Market Note: The First Employment Report of 2022

Market Note: The First Employment Report of 2022

The U.S. Department of Labor's Bureau of Labor Statistics (BoLS) will release January labor force statistics at 15:30 (GMT+2) today.

Non-farm payrolls, which recorded an increase of 199 thousand in December, below the forecasts of 400 thousand, is expected to grow around 100 thousand in January, which is the lowest level in 12 months.


*Chart-1:  Non-farm payrolls change, ADP private sector employment change, and the number of jobless claims are divided by 10,000 in the chart above. The left axis of the chart shows Non-farm payrolls and ADP data, and the right axis shows the number of jobless claims. 


The employment report is of critical importance in terms of shaping the expectations of 25 to 50 basis points rate hike in the markets for the first interest rate hike, which will be on March according to the US Federal Reserve Chairman Jerome Powell’s comments following the Federal Open Market Committee (FOMC) meeting. The first non-farm payrolls data of the year will determine the expectations on when the Fed will start the balance sheet reduction process.

As a matter of fact, in the National Employment Report, which is accepted as a preliminary indicator, prepared by ADP Research Institute and Moody's Analytics, the decline in private sector employment by 301 thousand in January, despite the projections for an increase of 207 thousand, put a dent in the expectations for non-farm payrolls.

In January, manufacturing purchasing managers index (PMI) decreased by 1.87 percent to 57.6 and non-manufacturing purchasing managers index (PMI) also decreased by 3.5 percent to 59.9. So, taking the January data announced by the Institute for Supply Management (ISM) into account, we consider both PMIs as important intermediate factors.

PMI data indicate that the slowdown in growth observed in January in manufacturing and non-manufacturing (services, construction) activities, which are the locomotive sectors of the US economy, was transferred to the second month. In other words, the slowdown in growth in manufacturing and non-manufacturing activities shows that there is a recovery in the labor market, but it is progressing slowly.


*Chart-2: In the composite chart, manufacturing and non-manufacturing PMI indicators are shown on the left axis, and the difference in points are shown on the right axis.


We believe that the improvements due to the Omicron variant are still effective on the economy. The USA set a new record in the number of daily cases by exceeding 1.4 million. The 7-day average in case numbers left the plateau behind, yet it is still above 350 thousand as of the second half of January.

Although the high number of cases does not create a negative shock compared to the first period of the pandemic, it weakens the expectations on the job vacancies. Also, household spending may feel this pressure.

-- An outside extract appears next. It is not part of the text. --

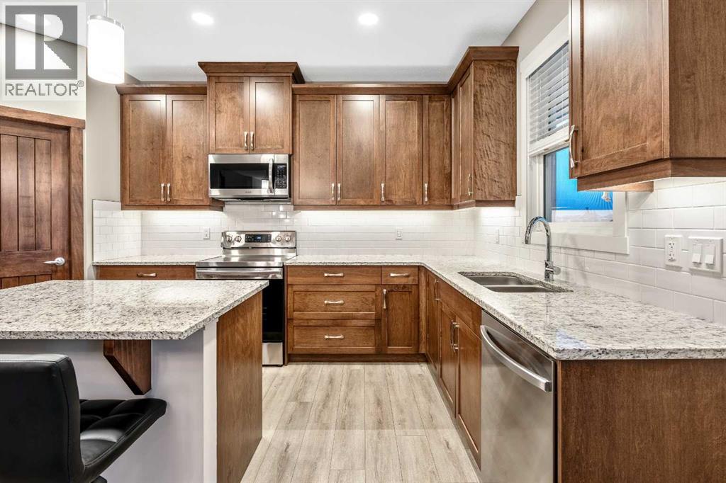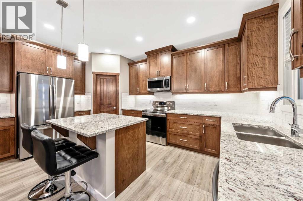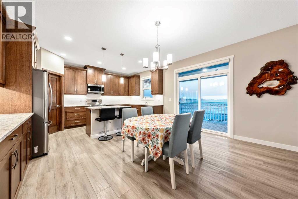 As you approach this inviting home in Boulder Creek Estates, you’ll immediately notice the care put into the landscaping with lush flower beds, mature trees, and pristine hardscape set off the property beautifully. The vantage point at the end of a quiet cul-de-sac affords sweeping views over the Track Golf Course, offering changing vistas through every season. Step through the front door and you are greeted by 9-foot ceilings and warm vinyl plank flooring flowing across the main level. To your right, a light-filled office or flex space awaits, perfectly suited to remote work, study, or quiet reading. Further in, the living and dining spaces open to reveal unobstructed views of the golf course through large windows. The kitchen is both elegant and practical, featuring a central island, granite countertops, stainless steel appliances, and a roomy walk-in pantry. The living room is cozy and welcoming, anchored by a graceful fireplace that promises comfort during cold Alberta winters. Sliding patio doors lead you to a generous, partially covered rear deck which is a prime spot to entertain or simply soak in the views.Climb the stairs to find a generous bonus room that offers flexibility—perhaps a media area, play space, or secondary lounge. The primary bedroom is a true retreat with its five-piece ensuite and sizeable walk-in closet. Two additional bedrooms share in that same commitment to space and comfort, each offering room for a restful night’s sleep. A well-sized laundry room, complete with ample storage, rounds out the upper level along with a four-piece bathroom.Downstairs, the unfinished basement presents a blank canvas, boasting 9-foot ceilings and rough-in plumbing already in place for a future full bathroom or expansion. The functional possibilities are numerous including the option of additional bedrooms, a recreation space, or a home gym. From the deck you’ll have easy access to the backyard, which is fully fenced and completely landscaped, creating a private outdoor refuge. A durable shed is included for storage of garden tools or seasonal gear.Thoughtfully designed and situated in one of Langdon’s most desirable communities, this home offers lifestyle, convenience, and flexibility. With its views, floor plan, and potential, it’s a home you’ll want to see—and once you do, you’ll want to call home. Book your showing today. (id:51913)

The results of the survey conducted by the University of Michigan Show that current economic conditions index declined by 2.9 percent to 72.0 points and consumer confidence also contracted by 4.8 percent to 67.2. After the strong recovery in the first half of 2021, indicators entered into a descending path, remarking that the pessimistic outlook continues to below the threshold value of 100.

To sum up, labor market progresses under strict conditions. However, rise in Covid-19 cases in January may affect the markets’ dynamics and lead to a cold slowdown in employment increase. Depending on the high-frequency data, which is close to that of January 2021, we estimate that non-farm payrolls will increase by around 100 thousand and the unemployment rate will converge to 3.8 percent in this period.

If non-farm payrolls are recorded above the forecast, it will confirm that the economy does not need an ultra-loose monetary policy support and expectations for the Fed's interest rate hike in March can be increased to 50 bps.